[Source records]
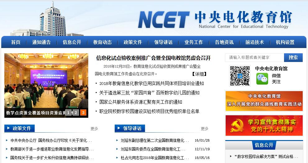 1978年,经邓小平等党和国家领导人同意、国务院批准,中央电化教育馆正式成立,成为教育部直属的事业单位。中央电化教育馆重点为基础教育和职业教育服务,其主要职责:开发多种媒体教材,开展多种媒体教材的研究、交流和服务工作;开发教育教学资源,建设教育教学信息资源;承担国家中小学现代远程教育工程项目的人员培训,资源的整合、集成、发送,科研支撑与应用指导,技术支持与服务等工作;组织开展学校教育技术、信息技术教育理论与应用的研究与实验,开发、转化和推广相关的研究成果;开展各种教育技术的培训工作;主办《中国电化教育》期刊;开展国际学术交流,承办教育部委托的国际合作项目;承担全国中小学教师教育技术能力建设计划项目办公室、中国教育技术协会秘书处及中小学专业委员会秘书处、期刊专业委员会秘书处工作。2004年,经中央编制委员会办公室批准,教育部基础教育资源中心正式成立,与中央电化教育馆合署办公。其主要职责:承担基础教育资源建设的规划和协调工作;收集、发布基础教育资源需求信息;组织基础教育资源征集、引进、开发和整合;建立基于中国教育卫星宽带多媒体传输网的专项资源管理和服务平台,负责基础教育资源发送、技术支持、用户管理和反馈信息收集;承担国家基础教育资源库及资源服务网站的管理工作;组织基础教育资源的研究、评价、推荐和交流;开展教育部授权和委托的其它有关工作。在教育部的领导下,中央电化教育馆和教育部基础教育资源中心已经形成了一支专业化的人才队伍,全体员工奋发努力、开拓进取,团结全国电教系统共同奋斗,以农村中小学现代远程教育工程和全国中小学教师教育技术能力建设计划实施为重点,以资源建设与服务为中心,在远程教育工程项目实施、教育信息资源建设、教育技术培训与应用指导、教育技术研究与实验、技术支持与服务、国际交流与合作等方面,发挥了重要作用,取得了显著成绩,已经成为我国基础教育信息化建设中的重要支撑,教育信息化建设中的一支重要力量。中央电化教育馆和教育部基础教育资源中心将以科学发展观为指导,进一步加强自身能力建设,更好地发挥全国电教馆系统的整体优势,开拓创新,扎实工作,为全面实施素质教育,促进义务教育均衡发展,推进基础教育信息化支持服务体系建设,提升教育现代化水平,建设全民学习、终身学习的学习型社会做出应有的贡献。
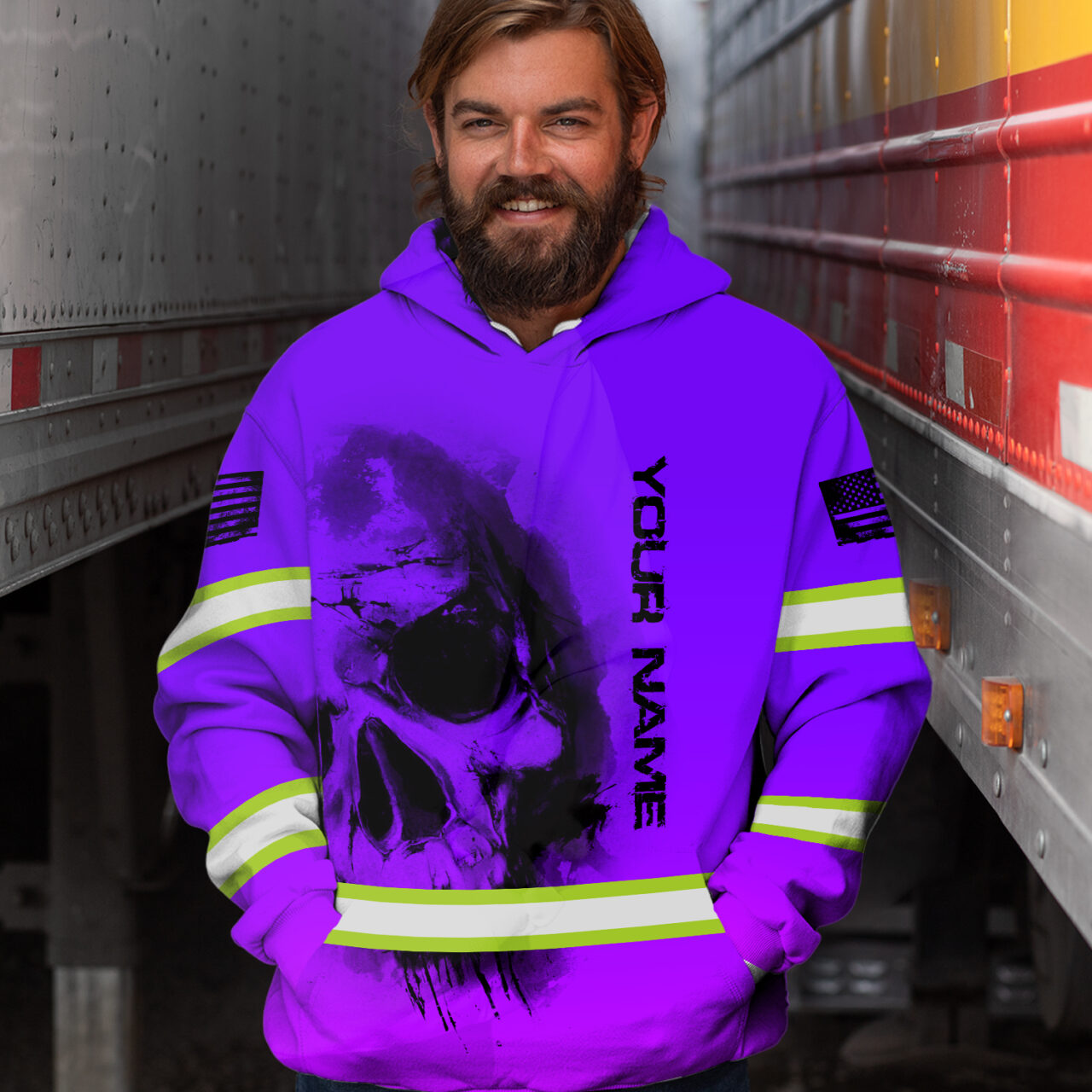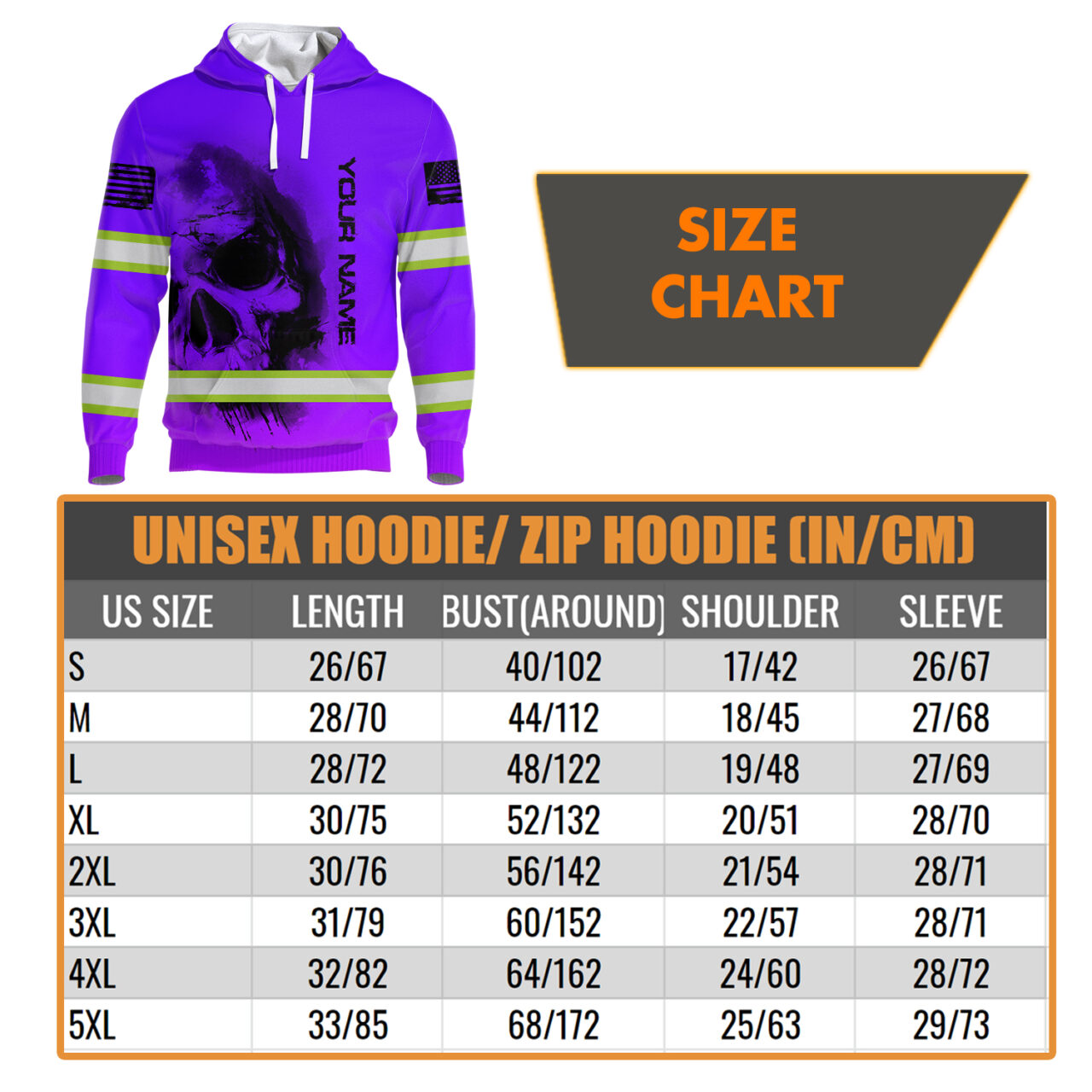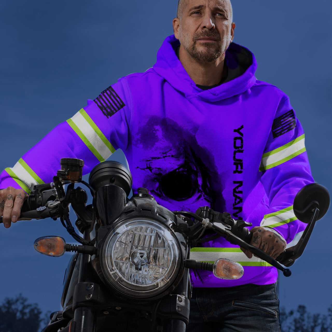 Hi Vis Hoodie Reflective Tapes Violet Neon Flag Skull Custom Name Safety
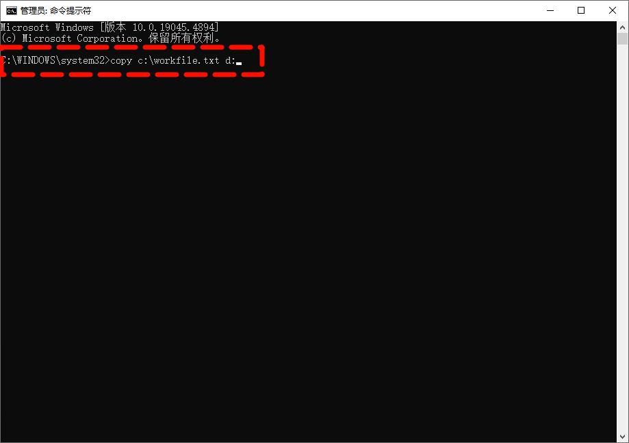 ● 运行命令:在命令窗口中运行命令,如copy c:\workfile.txt d:,即可将C盘根目录下的workfile.txt文件复制到D盘。
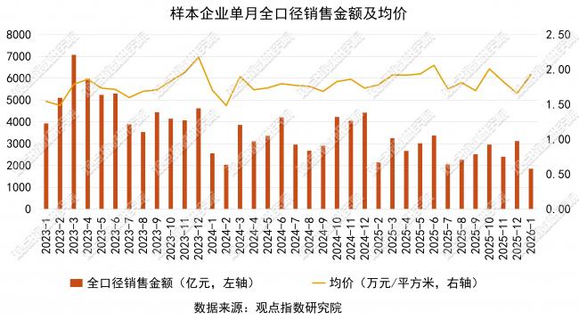 从2026年样本企业销售表现来看,2026年1月样本企业实现权益销售金额1289.91亿元,权益销售金额超过100亿元的企业有2家。全口径销售金额1851.2亿元,1月均价为1.93万元/平方米。
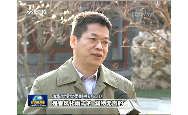 邓卫:新技术手段,像雨课堂,像慕课,线上线下相结合的这种办法,是的学生能够在这种受教育的过程中,是春风化雨式的,润物无声的。
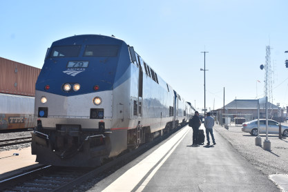 5/31/2022 Elizabeth and I woke up at Garden City, Kansas and we cuddled in the lower bunk then went to breakfast where I had the worst French Toast of my train riding years as it was over-cooked. Elizabeth had the three-egg omelette which was excellent. Aftewards, we went to the lounge car both checked our e-mails and the Internet so I was able to upload the last two stories from Chicago. I returned to the room and updated this story as the train was running late. It arrived in La Junta where we both took a fresh air break and it was announced that the toilets in our sleeping car went out so we would have to use the ones in the car ahead of us.
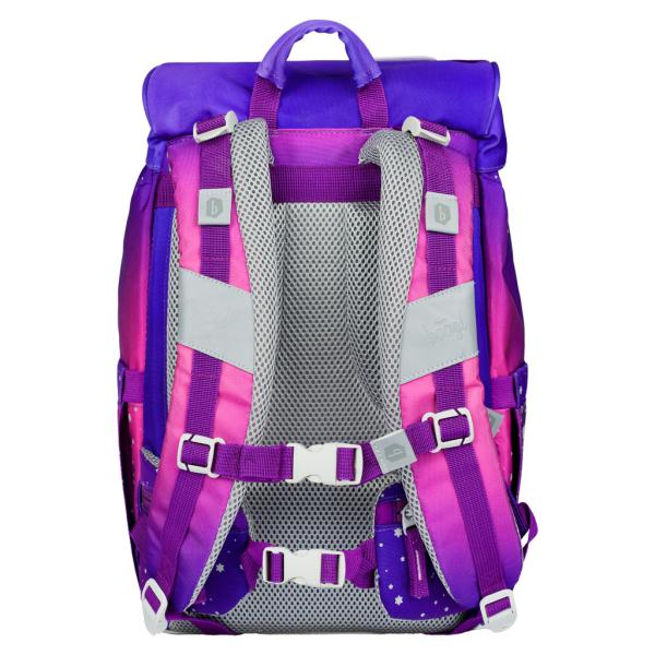 • Jednokomorové vnitřní uspořádání s kapsou a gumičkou na uchycení školních desek na straně zad slouží k jednoduché organizaci všech školních pomůcek.
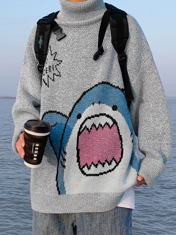 Men’s Cartoon Shark Turtleneck Pullover Sweater
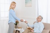 W średnim wieku mężczyzn i kobiet, taniec przy kominku w przytulnej sali
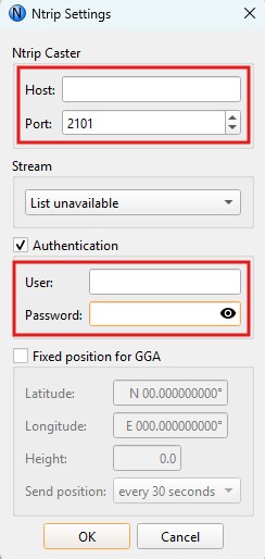 1. In the Ntrip Settings dialog fill in caster settings: Host, Port, user name and password of the NTRIP account. This data should be provided by the NTRIP service when you register your account. Press OK.
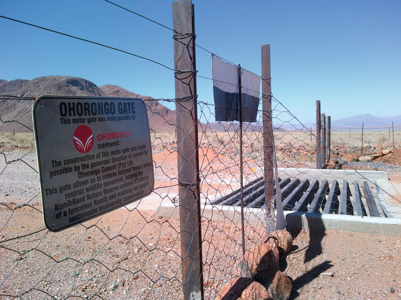 Another project was the removal of a motorgate or “cattle guard” (Fig. 2). Permission was recently received from the Namibian Roads Authority to move this cattle grid to the southern boundary of the Reserve. The newly constructed gate was completed in early 2014 and allows the removal of internal fences which restrict wildlife movement, helping the NamibRand Nature Reserve achieve its dream of a fenceless Namib and realizing their goal of sustainable biodiversity conservation.

> [EXERCISE INSTRUCTIONS] Restate the lines above from the one containing "Hi Vis Hoodie" through the one containing "邓卫:新技术手段,像雨课堂,像慕课,线上", inclusive, exactly and without pictures.

> [WRITTEN ANSWER]
 Hi Vis Hoodie Reflective Tapes Violet Neon Flag Skull Custom Name Safety
 ● 运行命令:在命令窗口中运行命令,如copy c:\workfile.txt d:,即可将C盘根目录下的workfile.txt文件复制到D盘。
 从2026年样本企业销售表现来看,2026年1月样本企业实现权益销售金额1289.91亿元,权益销售金额超过100亿元的企业有2家。全口径销售金额1851.2亿元,1月均价为1.93万元/平方米。
 邓卫:新技术手段,像雨课堂,像慕课,线上线下相结合的这种办法,是的学生能够在这种受教育的过程中,是春风化雨式的,润物无声的。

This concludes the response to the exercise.